Thanks for this! Will try the rope idea. We have a dura-flex check cord but it’s slick do it doesn’t get snagged. The idea of a knitted rope makes sense as it will slow him down a bit more.
Also, I’ve been registering kids for summer camp and “residential” is what they call sleep away so that was in my head - lol. I meant boarding program where the dog boards at the training facility for a number of weeks.


----------



## gunnr (Aug 14, 2009)

I personally have never boarded my dogs, or sent them for training. The closest I ever came to that was boarding mine at the breeders when I spent a month in Australia.
I've always preferred to train my dogs myself, or in small groups that are like minded for their desired end goals.
Mine have always been trained to hunt, first and foremost, which makes it a little easier, as I know what the end goals need to be.

Honestly though, with a Vizlsa, my experience has been that the majority of the time, you just have to wait for them to get through a phase and mature mentally.
Everyone that has had these dogs for any length of time will tell you that the dog you end up with as a two year old, is nothing like the puppy you had as 12 months old, and the two year old, is not the same as the three year old.it will become.
They'll drive you nuts ignoring simple commands as puppies. Then one day, it's like a switch gets flipped and they're like a remote control dog. It's that quick sometimes.
Good luck, and just have lots of fun. Create " physical boxes" that he can be let loose in safely, and just let him begin to find himself. Watch the change. It's amazing.


----------



## Gabica (Jan 20, 2018)

i personally had some very bad experiences with boarding training, actually causing a lot of harm i had to undo, puppy ending up in ER while at the training place and almost dying etc. if you choose that method, make sure that you are vetting the place very thoroughly and then still ask yourself how you will get the knowledge passed on as you and your family still needs to get trained, so having the pup trained by someone else won`t be sufficient.


----------



## MammaLin (Aug 19, 2020)

Gabica said:


> i personally had some very bad experiences with boarding training, actually causing a lot of harm i had to undo, puppy ending up in ER while at the training place and almost dying etc. if you choose that method, make sure that you are vetting the place very thoroughly and then still ask yourself how you will get the knowledge passed on as you and your family still needs to get trained, so having the pup trained by someone else won`t be sufficient.

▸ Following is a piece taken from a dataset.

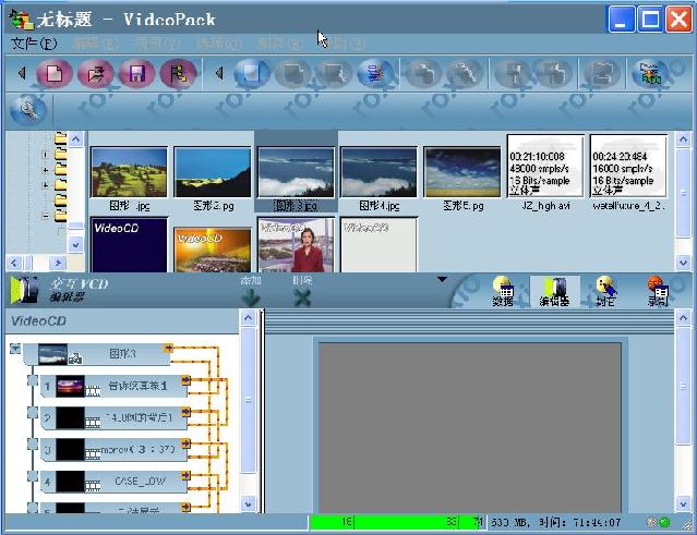用于播放的视频和音频文件,如DAT文件,MPG文件等可一个一个的加入其中,这与一般的软件没什么两样。最关键的是一个“路由”的设置。它是用来设置哪一个文件先播放,哪一个后播放。即,是用来设置播放秩序的。点按“路由”按钮,左下面窗口各个文件之间会有一条橙色的线条,里面有红色的箭头在走动。可以用鼠标拖动而改变线条的走向。记住:红箭头是怎么走的,最后VCD就是按照那样的顺序播放的。多试几次后就可掌握。

Thanks Gabica! That was my gut feeling. That it’s all well and good to train the dog but at the end of the day it’s the humans that need to be trained to know how to get the dog to respond


----------



## LMP (Oct 25, 2020)

gunnr said:


> Good luck, and just have lots of fun. Create " physical boxes" that he can be let loose in safely, and just let him begin to find himself. Watch the change. It's amazing.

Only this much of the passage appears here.